Items from a data source
━━━━

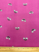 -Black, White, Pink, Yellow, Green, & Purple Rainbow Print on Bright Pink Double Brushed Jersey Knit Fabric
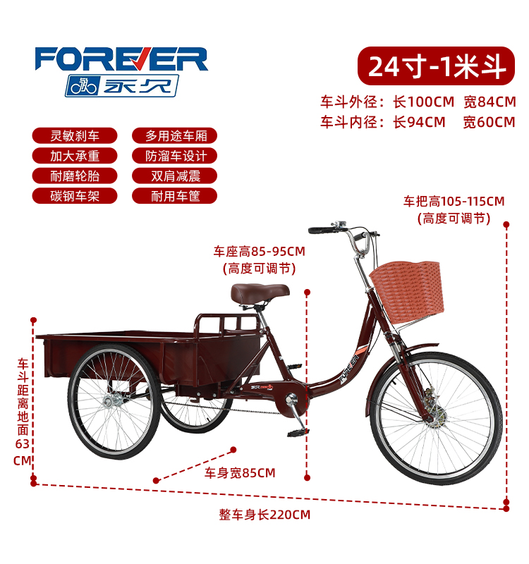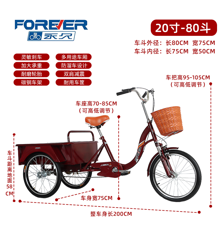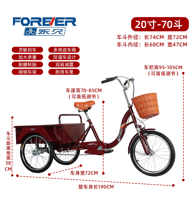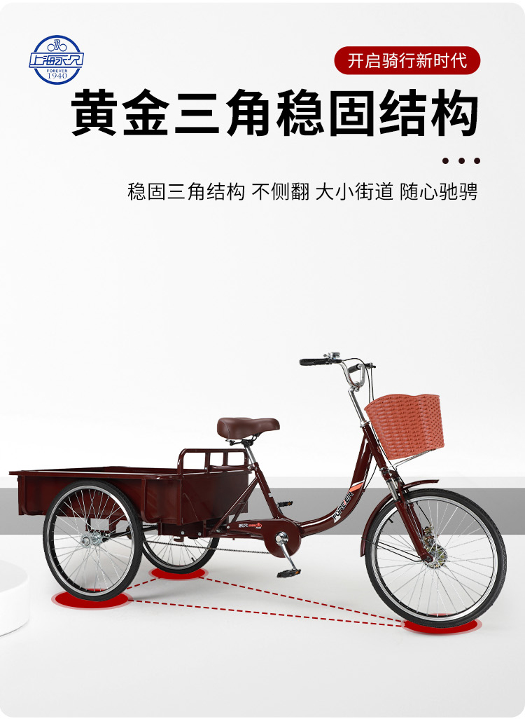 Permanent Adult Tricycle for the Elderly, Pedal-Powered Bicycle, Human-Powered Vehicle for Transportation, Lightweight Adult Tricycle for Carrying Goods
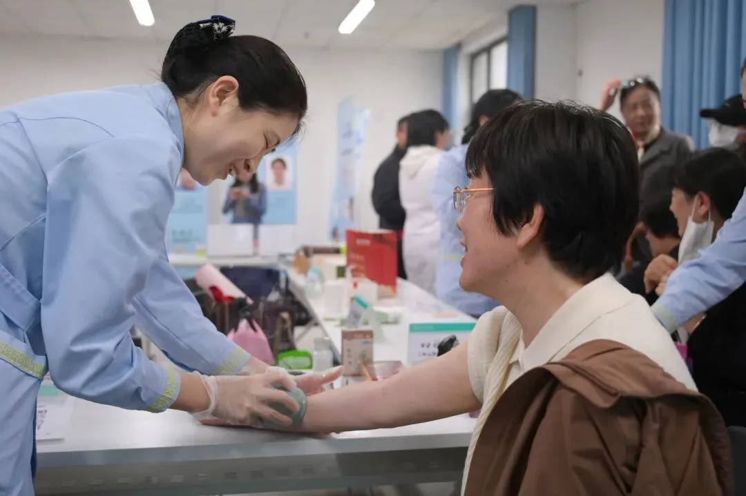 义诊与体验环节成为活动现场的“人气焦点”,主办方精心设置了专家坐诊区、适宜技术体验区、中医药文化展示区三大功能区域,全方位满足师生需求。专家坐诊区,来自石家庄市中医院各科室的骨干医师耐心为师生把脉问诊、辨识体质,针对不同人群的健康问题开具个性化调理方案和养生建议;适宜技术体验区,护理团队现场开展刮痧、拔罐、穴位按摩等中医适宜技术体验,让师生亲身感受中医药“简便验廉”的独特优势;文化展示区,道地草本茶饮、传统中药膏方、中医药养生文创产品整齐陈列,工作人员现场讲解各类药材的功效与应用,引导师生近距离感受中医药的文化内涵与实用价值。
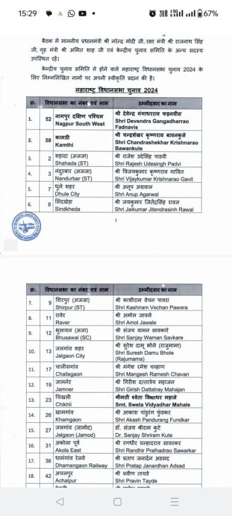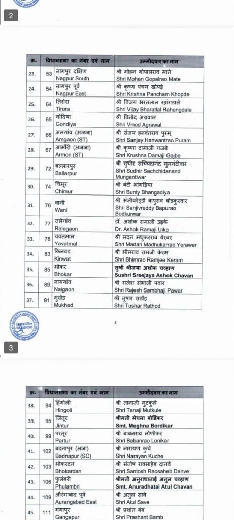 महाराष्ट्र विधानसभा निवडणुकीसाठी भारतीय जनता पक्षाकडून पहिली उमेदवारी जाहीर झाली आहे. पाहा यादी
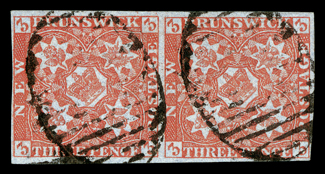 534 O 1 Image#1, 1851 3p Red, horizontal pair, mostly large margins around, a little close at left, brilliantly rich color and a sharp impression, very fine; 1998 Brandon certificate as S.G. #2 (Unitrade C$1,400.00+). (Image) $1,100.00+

━━━━

### WHAT THE TASK ASKS
Output only the lines from the start of the data through the line that holds "Permanent Adult Tricycle". Keep them exact and leave the pictures out.

### EXERCISE OUTPUT
 -Black, White, Pink, Yellow, Green, & Purple Rainbow Print on Bright Pink Double Brushed Jersey Knit Fabric
 Permanent Adult Tricycle for the Elderly, Pedal-Powered Bicycle, Human-Powered Vehicle for Transportation, Lightweight Adult Tricycle for Carrying Goods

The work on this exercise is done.